Shanna next appears on the last page of Daredevil #109, in which the Black Widow has already been defeated by Nekra and placed under the control of the Mandrill. From there, the action moves to Marvel Two-in-One #3, in which Daredevil teams up with the Thing to defeat the Mandrill and Nekra’s organization, Black Spectre, which has recently tried to kill NYC DA Foggy Nelson. By this time, Shanna has already learned that her father is dead. After she returned to Africa from the Savage Land, Patrick McShane delivered a telegram that her father’s body had been found in Capetown. His will stipulated that his diamond mine goes to Hensley Fargas (the Mandrill) who is using it to finance Black Spectre, but she needs proof.

Daredevil and the Thing track Nekra to Mandrill’s aircraft HQ (looks like a dirigible but it’s jet-powered). With the Black Widow under Mandrill’s control, she brings about DD and Thing’s defeat. The Mandrill puts them in the Fantasticar and sets it to crash, but the rushing air revives them and they fly off back into Daredevil, issue #110.

Whew! I thought I was going to be able to knock Shanna’s Daredevil appearances off in a single entry, but this is already getting too long.

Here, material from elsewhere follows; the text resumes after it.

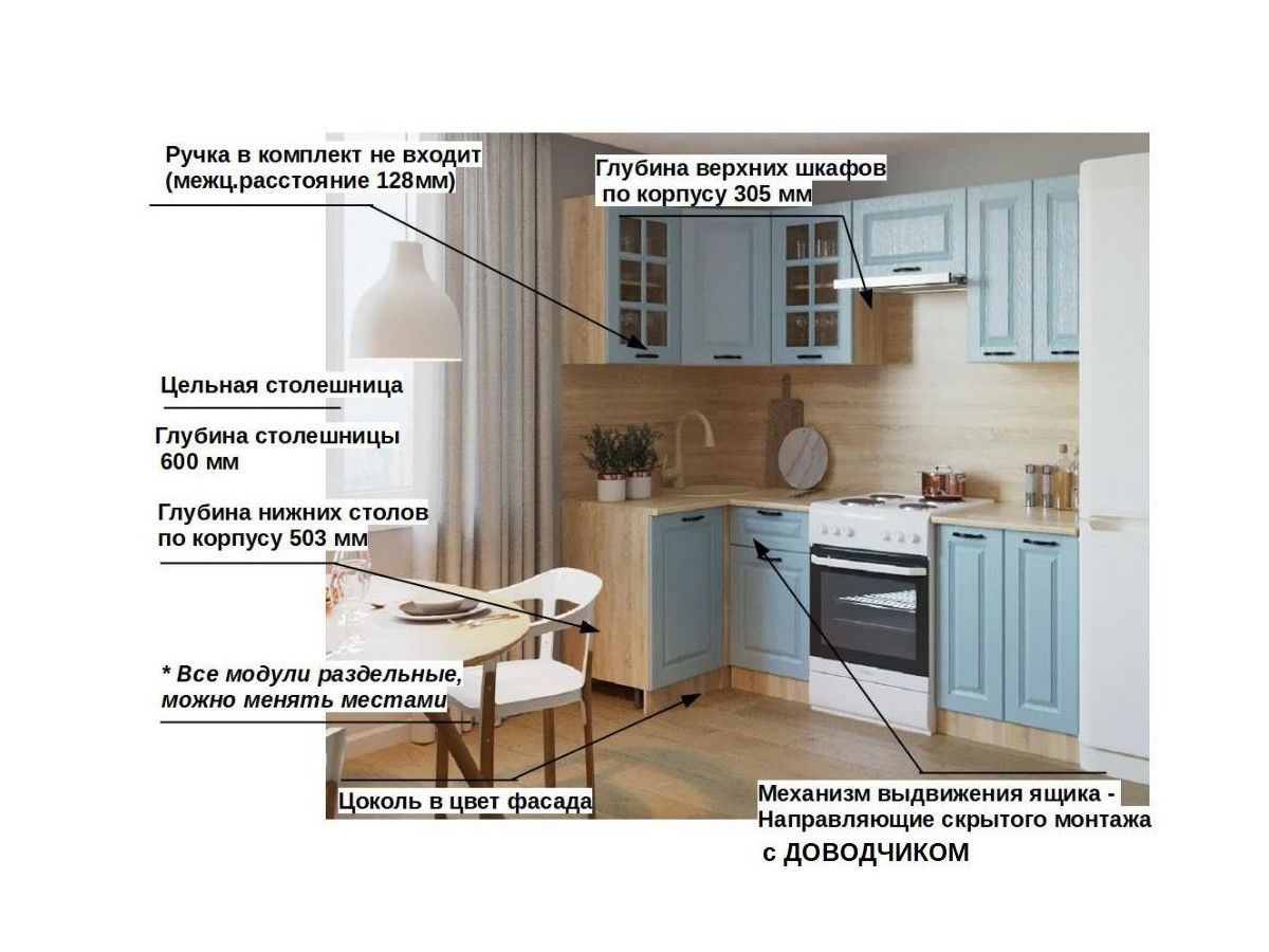 Кухонная мойка, стеновая панель, посудосушитель, планки для столешницы в комплект не входят.

I’ll finish them off tomorrow.

....Nekra’s organization, Black Spectre, which has recently tried to kill NYC DA Foggy Nelson. 

Does the story (and the Daredevil run) really refer to Foggy as District Attorney of New York City? 

As anyone who has watched Law & Order probably knows, NYC is made up of five different counties,* each of which has its own District Attorney.

*  New York County (Manhattan), Kings County (Brooklyn), Bronx County (the Bronx), Richmond County (Staten Island) and Queens County (Queens). They are often referred to as boroughs but they are actually counties. 

"Does the story (and the Daredevil run) really refer to Foggy as District Attorney of New York City?"

Now that you raise the question, I'm not certain. It may be for Manhattan, but in any case, it's not just this story. Foggy served as DA for... I don't know... a long time. After that, the job went to Blake Tower who served for a long time as well. Thanks for setting the record straight.